Episode #1: “What is Remembered Lives”
Thanks for checking out Episode #1 of Mary B. Corcoran V3.0, a hybrid work-play blog. I’ll call it MBC V3.0 for short.
MBC V3.0 is a place where I’ll distill my thoughts on writing and archival issues, as well as musings on historical and genealogical research. I’ll weigh in on issues of representation and reflect on the possibilities for self-publishing in digital and print formats. This first post is a clue that MBC V3.0 is also a place where I’ll share select personal updates and revelations.
Before I get any further, I should explain the significance of my blog title. (This will require two brief tangents.)
Some readers know that I do not drink. Fewer readers know that when I stopped drinking (eight years ago on September 10th, 2011), I started thinking of my “new” self as Mary 2.0. I was 22 years old and had just graduated from Kalamazoo College. It felt young to “get sober,” but quitting drinking when I did remains one of the best, most liberating decisions I’ve ever made. (I’m pretty sure this is the first time I’ve spoken/written publicly about it.)

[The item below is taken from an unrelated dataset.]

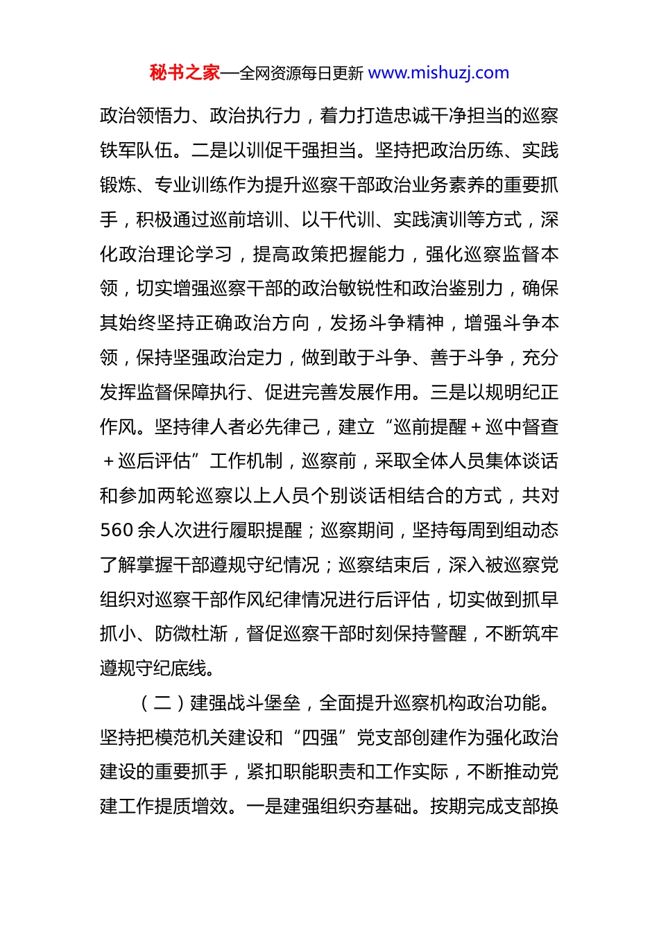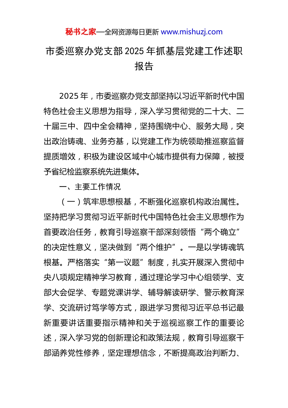 秘书之家—全网资源每日更新 www.mishuzj.com市委巡察办党支部 2025 年抓基层党建工作述职报告 2025 年,市委巡察办党支部坚持以习近平新时代中国特色社会主义思想为指导,深入学习贯彻党的二十大、二十届三中、四中全会精神,坚持围绕中心、服务大局,突出政治铸魂、业务夯基,以党建工作为统领助推巡察监督提质增效,积极为建设区域中心城市提供有力保障,被授予省纪检监察系统先进集体。一、主要工作情况(一)筑牢思想根基,不断强化巡察机构政治属性。坚持把学习贯彻习近平新时代中国特色社会主义思想作为首要政治任务,教育引导巡察干部深刻领悟“两个确立”的决定性意义,坚决做到“两个维护”。一是以学铸魂筑根基。严格落实“第一议题”制度,扎实开展深入贯彻中央八项规定精神学习教育,通过理论学习中心组领学、支部大会促学、专题党课讲学、辅导解读研学、警示教育深学、交流研讨笃学等方式,跟进学习贯彻习近平总书记最新重要讲话重要指示精神和关于巡视巡察工作的重要论述,深入学习党的创新理论和政策法规,教育引导巡察干部涵养党性修养,坚定理想信念,不断提高政治判断力、秘书之家—全网资源每日更新 www.mishuzj.com政治领悟力、政治执行力,着力打造忠诚干净担当的巡察铁军队伍。二是以训促干强担当。坚持把政治历练、实践锻炼、专业训练作为提升巡察干部政治业务素养的重要抓手,积极通过巡前培训、以干代训、实践演训等方式,深化政治理论学习,提高政策把握能力,强化巡察监督本领,切实增强巡察干部的政治敏锐性和政治鉴别力,确保其始终坚持正确政治方向,发扬斗争精神,增强斗争本领,保持坚强政治定力,做到敢于斗争、善于斗争,充分发挥监督保障执行、促进完善发展作用。三是以规明纪正作风。坚持律人者必先律己,建立“巡前提醒+巡中督查+巡后评估”工作机制,巡察前,采取全体人员集体谈话和参加两轮巡察以上人员个别谈话相结合的方式,共对560 余人次进行履职提醒;巡察期间,坚持每周到组动态了解掌握干部遵规守纪情况;巡察结束后,深入被巡察党组织对巡察干部作风纪律情况进行后评估,切实做到抓早抓小、防微杜渐,督促巡察干部时刻保持警醒,不断筑牢遵规守纪底线。(二)建强战斗堡垒,全面提升巡察机构政治功能。坚持把模范机关建设和“四强”党支部创建作为强化政治建设的重要抓手,紧扣职能职责和工作实际,不断推动党建工作提质增效。一是建强组织夯基础。按期完成支部换秘书之家—全网资源每日更新 www.mishuzj.com届工作,选优配强支部班子,强化支委会职能作用发挥;坚持把支部建在组上,统筹巡察办党支部、巡察组临时党支部全体党员干部,同步开展理论学习、加强实践锻炼,持续擦亮“锻造巡察利剑、服务保障发展”品牌;制定《关于丰富党员过“政治生日”活动的工作举措》,通过赠送政治生日贺卡、回忆入党初心等形式,增强党员干部归属感。二是健全制度促规范。把依规依纪依法落实到巡察工作全流程、各环节,严格按照党章党规党纪、巡视工作条例以及各项党内法规开展工作,先后制定修订《关于加强市县巡察上下联动推动巡察工作高质量发展的意见》《巡察报告问题底稿管理办法》《市委巡察信访受理工作暂行办法》《巡察反馈意见整改落实程序规定》等 50 余项制度,基本做到了重要工作有章可循、重点环节有据可依,为推动巡察工作高质量发展提供了有力保障。三是配强队伍增活力。注重发挥巡察岗位“熔炉”作用,出台《关于抽调优秀年轻干部到巡察岗位锻炼的工作办法(试行)》,按照“专兼结合、精干高效”原则,组织市直各单位共推荐县处级干部 24 名、优秀年轻干部 216 名纳入巡察人才库,实行抽调干部年度考核单列政策,市委巡察办连续两年对抽调参加巡察两轮以上的干部进行年度考核,9 名干部被确定为“优秀”等次,进一步激发抽调干部秘书之家—全网资源每日更新 www.mishuzj.com参与巡察工作的热情。(三)深化结合融合,充分彰显巡察政治保障作用。始终将党建工作和巡察工作同谋划、同部署、同推进,坚持围绕中心、服务大局,紧盯权力和责任,紧盯一把手和“关键少数”,紧盯群众反映强烈的突出问题,深化政...

Historically, August 4th has been a conflicted day for me. It is my birthday. Today I am 30 years old.
My twenties were tough, as they are for most people, but just as so many other aspects of my life – my career, my relationships, my home – have finally started to feel settled and comfortable, my birthdays also seem to be improving with each passing year.
I attribute some of this upward trajectory to inevitable maturation, but I also need to be frank: none of it would have been possible without first learning how to manage and live with my depression and anxiety. I intentionally claim both – they are mine. They are petulant sidekicks, but they can be managed. (Mental health is not something I’ve written about in the past, but it’s a topic I’m beginning to feel comfortable discussing.)
Managing my own mental illness meant several years of therapy paired with finding the right medications. It was work to find a solid therapist and psychiatrist, but once I did, I finally started to gain a little traction, then a little more. From where I’m sitting right now, the past three years feel like an incredibly joyous and productive blur.
Given all of this, what better time to officially roll out MBC V3.0 than my 30th birthday?
And so, now that I’ve explained my blog title, I will explain the title of my first post: “What is Remembered Lives.” While I haven’t been able to confirm with absolute certainty the origin of this phrase, I’m confident that it is a Pagan concept.
Naturally, the phrase resonates with my archival inclinations. Even more valuably, it brought me great comfort during a time of grief. It was early 2017 and I was mourning the loss of a dear friend. The idea that she would live on in memory – surely not a novel sentiment – gave me what I needed to get through the most difficult days. I printed photos. I wrote down everything I could remember about her and our relationship. I remembered, and in a way, she has continued to live on.
I find that I still think about that phrase a lot.
“What is remembered lives.”
It inspires small actions, like taking a minute to write down whatever I’m thinking or feeling, as well as bigger actions - projects.
As for how this valuable and versatile Pagan phrase relates to MBC V3.0, my goal is for this blog to grow into a manifestation of my experience of the phrase. Each post is a new perennial – this one, Echinacea – planted in a garden that I intend to nurture for many seasons to come.